I'd say remove *vfs.zfs.vdev.cache.size="5M"* and *vfs.zfs.prefetch_disable=1*
and set *vfs.zfs.arc_max="512M"*

prefetch is disabled by default on i386

here's my settings for 2.5G ram

```
vm.kmem_size="1100M"
vm.kmem_size_max="1100M"
vfs.zfs.arc_max="600M"
```


Note that you may need to create custom kernel.
In my custom kernel I have

```
options     KVA_PAGES=384
```
you may need to adjust this number... with many reboots and panics...
I would like to set it higher, but I can't..... because reboots...

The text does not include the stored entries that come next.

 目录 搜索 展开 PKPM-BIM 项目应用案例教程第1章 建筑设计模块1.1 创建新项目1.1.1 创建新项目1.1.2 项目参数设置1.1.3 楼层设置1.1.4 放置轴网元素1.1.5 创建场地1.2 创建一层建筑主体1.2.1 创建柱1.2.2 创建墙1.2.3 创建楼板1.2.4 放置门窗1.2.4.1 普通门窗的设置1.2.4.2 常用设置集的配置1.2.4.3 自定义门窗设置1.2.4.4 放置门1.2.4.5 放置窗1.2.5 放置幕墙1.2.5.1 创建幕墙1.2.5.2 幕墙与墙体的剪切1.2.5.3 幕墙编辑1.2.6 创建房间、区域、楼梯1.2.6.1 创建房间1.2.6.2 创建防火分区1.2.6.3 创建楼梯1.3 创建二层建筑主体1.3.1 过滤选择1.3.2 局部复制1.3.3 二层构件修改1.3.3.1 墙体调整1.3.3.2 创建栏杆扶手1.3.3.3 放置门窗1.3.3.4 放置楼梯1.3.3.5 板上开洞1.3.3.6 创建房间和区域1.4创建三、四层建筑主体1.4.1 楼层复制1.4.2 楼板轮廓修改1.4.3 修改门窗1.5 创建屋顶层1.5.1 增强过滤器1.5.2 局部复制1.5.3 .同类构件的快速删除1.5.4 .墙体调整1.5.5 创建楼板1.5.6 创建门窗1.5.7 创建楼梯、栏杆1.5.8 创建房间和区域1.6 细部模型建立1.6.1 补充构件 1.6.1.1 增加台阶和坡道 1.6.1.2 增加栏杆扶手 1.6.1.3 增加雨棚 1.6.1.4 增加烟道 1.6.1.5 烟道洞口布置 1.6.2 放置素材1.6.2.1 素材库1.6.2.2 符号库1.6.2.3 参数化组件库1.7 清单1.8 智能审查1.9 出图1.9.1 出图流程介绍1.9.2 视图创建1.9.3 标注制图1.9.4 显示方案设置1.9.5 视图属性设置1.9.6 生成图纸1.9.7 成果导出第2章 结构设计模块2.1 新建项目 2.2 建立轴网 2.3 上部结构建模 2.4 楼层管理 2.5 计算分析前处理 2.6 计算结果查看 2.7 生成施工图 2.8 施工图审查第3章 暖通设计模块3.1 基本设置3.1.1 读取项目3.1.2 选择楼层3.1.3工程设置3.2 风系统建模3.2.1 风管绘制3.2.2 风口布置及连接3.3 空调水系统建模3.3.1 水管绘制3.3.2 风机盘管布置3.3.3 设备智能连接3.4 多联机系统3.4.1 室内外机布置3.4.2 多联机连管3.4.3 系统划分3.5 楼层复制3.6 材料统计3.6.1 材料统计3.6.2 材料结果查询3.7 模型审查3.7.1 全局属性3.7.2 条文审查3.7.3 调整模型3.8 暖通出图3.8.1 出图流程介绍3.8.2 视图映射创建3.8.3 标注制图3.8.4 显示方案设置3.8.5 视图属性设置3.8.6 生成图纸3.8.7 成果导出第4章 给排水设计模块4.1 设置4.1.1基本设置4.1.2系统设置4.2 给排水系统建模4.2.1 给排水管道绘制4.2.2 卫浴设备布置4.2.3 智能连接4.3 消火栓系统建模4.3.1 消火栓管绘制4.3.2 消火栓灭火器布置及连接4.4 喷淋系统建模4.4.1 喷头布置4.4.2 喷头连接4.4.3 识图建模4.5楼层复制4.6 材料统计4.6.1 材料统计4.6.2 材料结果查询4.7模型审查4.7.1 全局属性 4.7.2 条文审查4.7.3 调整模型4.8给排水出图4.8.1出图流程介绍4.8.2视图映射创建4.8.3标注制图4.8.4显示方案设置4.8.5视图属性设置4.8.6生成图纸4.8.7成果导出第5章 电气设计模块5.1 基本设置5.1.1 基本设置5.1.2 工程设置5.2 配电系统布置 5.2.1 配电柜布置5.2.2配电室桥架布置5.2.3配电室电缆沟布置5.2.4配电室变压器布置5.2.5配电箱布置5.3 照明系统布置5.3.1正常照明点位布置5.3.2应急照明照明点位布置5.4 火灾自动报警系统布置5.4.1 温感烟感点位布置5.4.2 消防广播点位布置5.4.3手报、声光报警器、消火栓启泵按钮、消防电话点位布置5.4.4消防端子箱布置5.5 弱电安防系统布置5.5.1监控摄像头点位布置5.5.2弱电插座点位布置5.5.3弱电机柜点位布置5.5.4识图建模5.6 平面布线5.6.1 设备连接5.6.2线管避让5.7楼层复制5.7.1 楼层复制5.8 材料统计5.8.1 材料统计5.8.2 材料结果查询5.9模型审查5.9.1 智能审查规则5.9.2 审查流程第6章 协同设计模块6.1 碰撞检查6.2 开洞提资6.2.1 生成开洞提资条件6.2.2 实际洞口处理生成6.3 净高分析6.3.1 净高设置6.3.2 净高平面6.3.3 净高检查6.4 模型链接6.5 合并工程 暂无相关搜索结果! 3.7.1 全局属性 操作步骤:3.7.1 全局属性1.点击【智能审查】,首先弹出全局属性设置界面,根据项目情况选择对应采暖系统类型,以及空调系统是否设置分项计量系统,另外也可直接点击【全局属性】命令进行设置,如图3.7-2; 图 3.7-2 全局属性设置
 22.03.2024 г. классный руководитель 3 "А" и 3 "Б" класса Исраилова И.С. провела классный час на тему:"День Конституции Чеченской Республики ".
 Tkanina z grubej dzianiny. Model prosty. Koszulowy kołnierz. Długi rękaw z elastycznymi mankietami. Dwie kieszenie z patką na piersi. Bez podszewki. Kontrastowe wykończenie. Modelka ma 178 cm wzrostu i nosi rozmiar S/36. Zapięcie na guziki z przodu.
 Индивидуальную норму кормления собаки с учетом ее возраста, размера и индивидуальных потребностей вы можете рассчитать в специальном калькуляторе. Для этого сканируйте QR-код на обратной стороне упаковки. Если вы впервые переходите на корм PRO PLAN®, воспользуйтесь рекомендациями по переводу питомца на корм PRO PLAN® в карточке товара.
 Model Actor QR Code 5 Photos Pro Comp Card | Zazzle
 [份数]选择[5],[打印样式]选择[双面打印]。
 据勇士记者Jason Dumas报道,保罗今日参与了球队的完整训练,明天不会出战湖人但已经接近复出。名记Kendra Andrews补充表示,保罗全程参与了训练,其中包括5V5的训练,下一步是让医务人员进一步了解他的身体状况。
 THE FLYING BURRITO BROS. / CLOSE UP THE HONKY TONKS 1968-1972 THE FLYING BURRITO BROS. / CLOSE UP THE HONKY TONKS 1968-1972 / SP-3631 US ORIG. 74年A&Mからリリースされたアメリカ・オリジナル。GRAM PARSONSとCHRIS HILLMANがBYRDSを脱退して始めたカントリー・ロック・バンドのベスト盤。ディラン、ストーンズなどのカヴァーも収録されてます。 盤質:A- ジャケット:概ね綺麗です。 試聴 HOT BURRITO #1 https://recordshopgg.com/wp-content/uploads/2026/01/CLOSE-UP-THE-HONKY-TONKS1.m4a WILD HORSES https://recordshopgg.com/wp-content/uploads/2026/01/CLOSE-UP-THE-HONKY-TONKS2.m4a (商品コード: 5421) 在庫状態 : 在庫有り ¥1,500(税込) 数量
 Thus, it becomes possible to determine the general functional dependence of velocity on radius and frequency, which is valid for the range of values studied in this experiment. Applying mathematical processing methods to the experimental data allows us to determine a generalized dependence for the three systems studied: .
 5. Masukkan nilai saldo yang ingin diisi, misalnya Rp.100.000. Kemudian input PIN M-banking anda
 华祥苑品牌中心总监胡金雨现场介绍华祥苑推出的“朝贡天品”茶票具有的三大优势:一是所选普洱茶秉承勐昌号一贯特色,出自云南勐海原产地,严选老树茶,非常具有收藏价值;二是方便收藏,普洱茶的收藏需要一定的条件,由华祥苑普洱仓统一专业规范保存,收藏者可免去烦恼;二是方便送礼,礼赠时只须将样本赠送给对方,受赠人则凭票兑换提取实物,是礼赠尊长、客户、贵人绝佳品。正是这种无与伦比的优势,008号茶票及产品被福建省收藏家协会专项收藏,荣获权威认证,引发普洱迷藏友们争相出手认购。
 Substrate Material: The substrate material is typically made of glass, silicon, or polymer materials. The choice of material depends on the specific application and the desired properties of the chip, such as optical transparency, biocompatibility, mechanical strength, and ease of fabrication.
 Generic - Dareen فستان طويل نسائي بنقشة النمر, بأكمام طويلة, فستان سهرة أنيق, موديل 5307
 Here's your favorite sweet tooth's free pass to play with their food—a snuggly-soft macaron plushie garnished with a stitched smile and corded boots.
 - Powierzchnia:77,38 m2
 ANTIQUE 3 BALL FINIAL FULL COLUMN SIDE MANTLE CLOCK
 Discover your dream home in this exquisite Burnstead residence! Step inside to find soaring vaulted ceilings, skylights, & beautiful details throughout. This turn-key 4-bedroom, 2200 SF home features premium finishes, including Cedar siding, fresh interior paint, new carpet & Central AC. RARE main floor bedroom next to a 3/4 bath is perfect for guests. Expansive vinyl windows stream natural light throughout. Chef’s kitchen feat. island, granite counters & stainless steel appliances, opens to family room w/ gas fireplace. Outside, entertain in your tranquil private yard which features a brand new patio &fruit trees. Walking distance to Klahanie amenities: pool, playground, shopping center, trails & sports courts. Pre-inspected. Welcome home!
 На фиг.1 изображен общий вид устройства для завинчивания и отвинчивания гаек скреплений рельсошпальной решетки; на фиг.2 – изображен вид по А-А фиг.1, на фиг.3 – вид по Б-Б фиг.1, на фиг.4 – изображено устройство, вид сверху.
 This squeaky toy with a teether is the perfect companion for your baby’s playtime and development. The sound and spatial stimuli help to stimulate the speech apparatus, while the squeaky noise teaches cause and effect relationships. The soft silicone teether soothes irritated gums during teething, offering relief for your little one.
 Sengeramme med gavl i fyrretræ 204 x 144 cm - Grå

If I remember correctly you must be able to divide KVA_PAGES by 4

Hope this will help you


----------



## wonslung (Dec 8, 2009)

I'm FAIRLY sure freebsd 8.0 can run fine without tuning....i know for SURE it can on amd64....not 100% sure about 32bit though.


what i would do is this:

install freebsd and set up raidz like you want...then install something like iozone and run a few tests on it.

i would imagine your system should be fine for ZFS, though it's kinda on the low end....i know people who have run it with a p4 and only 1 GB ram, though i haven't PERSONALLY done this.


----------



## graudeejs (Dec 8, 2009)

AMD64 does autotuning.... i386 doesn't


----------



## wonslung (Dec 8, 2009)

yah, i see that now after reading up on it (this post got me interested in it)

I remember checking up on it when i set my system but but i must not have read it as well as i should have....I wasn't 100% sure...thanks for the info.


----------



## dave (Dec 9, 2009)

What is the script in the tuning guide supposed to tell me about how to tune for ZFS?  Here is my output:


```
TEXT=13189088, 12.5781 MB
DATA=109240320, 104.18 MB
TOTAL=122429408, 116.758 MB
```

I have seen it get to maybe 250MB TOTAL before a panic.  Does this somehow help me know what numbers to put into the /boot/loader.conf file?  What is the relationship?


----------



## graudeejs (Dec 9, 2009)

It's all about testing and restarting.... until it works good


----------



## phoenix (Dec 9, 2009)

My rule of thumb has been to set *vm.kmem_max_size* to half of RAM, and set *vfs.zfs.arc_max* to half of vm.kmem_max_size.

With the caveat that 32-bit FreeBSD up to 7.1 has a kmem_max_size limit of 1596 MB, and 32-bit FreeBSD 7.2 has a kmem_max_size_limit of about 2.5 GB.

That's a good starting place.  And then you just play with (reduce) the arc_max setting whenever the system locks up.  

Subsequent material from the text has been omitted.